The idea that Kisame especially from what we have seen from him in part 2 is going to get one shotted Like Konan is laughable and in fact i see him giving jiraiya alot of trouble in a neutral scenario where there are no hiding places for jiraiya to use his gorilla warfare tactics in order to initiate sm. And yes Jiraiya will need sm to defeat Kisame, thinking otherwise and you are having a laugh.

As for those trying to downplay is feat of defeating Bee, there is no excuse.
His abilities made him if i remember correctly the best in akatsuki for capturing jinchurcki's and we saw this. The little handicap Bee had with not being able to go bijuu mode isn't enough and i suspect daikodan to be a perfect counter for the dama.


----------



## Sapherosth (Dec 28, 2016)

Ablaze said:


> Not going to bother with that statement because it can be interpreted in many ways.
> i have lost count tbh.
> What is interesting is how people conveniently try to dismiss Kisame's strength.
> For a start Jiraiya considers Akatsuki to be his level, when he compares the potential threat of them in relation to suna being able to stop them to himself
> ...






Finally, someone who gets it.


Learned something new as well - Didn't notice that Jiraiya compared the Akatsuki's to himself, and then the next panel we're shown Sasori/Deidara. I wonder what Kishi was trying to say....


----------



## Jossaff (Dec 28, 2016)

Unpopular opinion but the way I see it the 3 are on the same level , if Jiraiya fought any of the 2 he would have a 50/50 chance to win , but toguether they'll just overwhelm him


----------



## Veracity (Dec 28, 2016)

Sapherosth said:


> Finally, someone who gets it.
> 
> 
> Learned something new as well - Didn't notice that Jiraiya compared the Akatsuki's to himself, and then the next panel we're shown Sasori/Deidara. I wonder what Kishi was trying to say....

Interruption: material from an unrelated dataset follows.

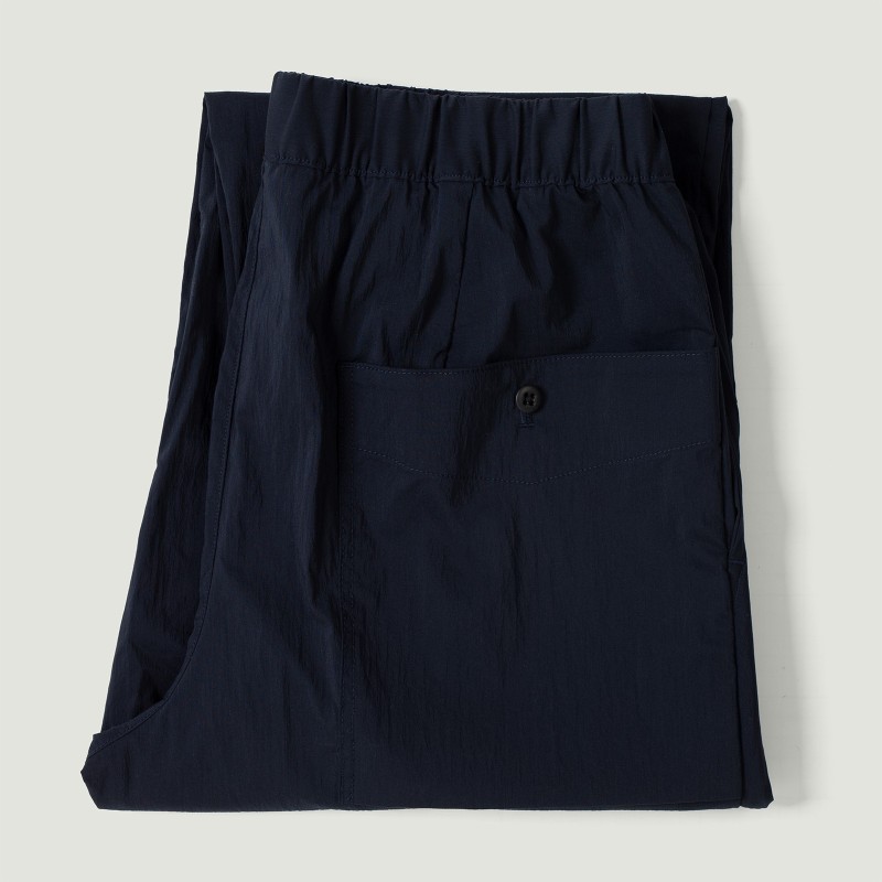 Il est fabriqué dans un tissu Crepe conçu à partir d'une chaîne composée de coton ultrafin et d'une trame tissée avec des fils de nylon et de polyester traités. La différence de rétrécissement entre le coton et les fibres synthétiques produit un effet de froissement naturel et apporte une texture craquante au tissu. En résulte un pantalon extrêmement léger et fin, avec une bonne extensibilité et des propriétés de séchage rapide. Le fil lui-même absorbe l'humidité, de sorte que le pantalon ne devient pas étouffant et peut être porté confortablement, même en été.
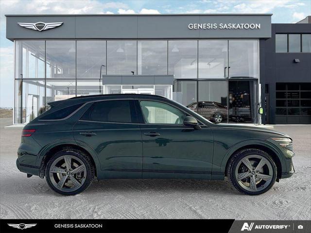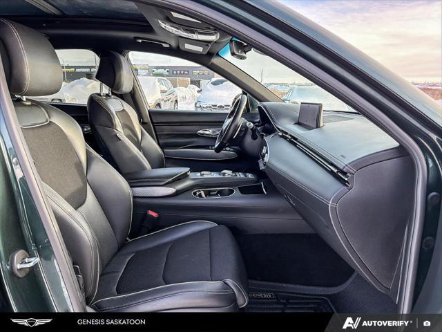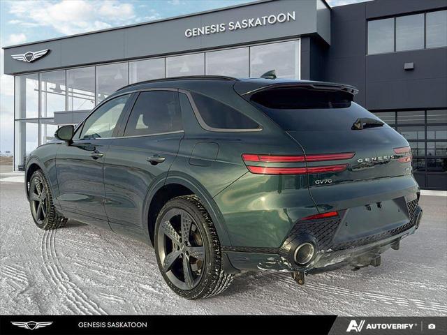 This Genesis GV70 is a premium SUV that sports an urban design to maximize its athletic elegance dynamic driving experience and has an interior that showcases its state?of?the?art technology and futuristic design. For an evolutionary step in luxury performance and technology this 2022 GV70 is an obvious choice. This SUV has 67 385 km. It's Green in colour. It has an Automatic transmission and is powered by a 3.5L V6 24V PDI DOHC Twin Turbo engine.

The Akatsuki vary in strength though. From Hidan to Itachi. A vague statement like that surely doesn't mean members like Deidara and Sasori are Sannin Level.

Reactions: Like 1


----------



## Sapherosth (Dec 29, 2016)

Veracity said:


> The Akatsuki vary in strength though. From Hidan to Itachi. A vague statement like that surely doesn't mean members like Deidara and Sasori are Sannin Level.




How can you say it's vague when the next page, we see Kishi showing us Sasori and Deidara. 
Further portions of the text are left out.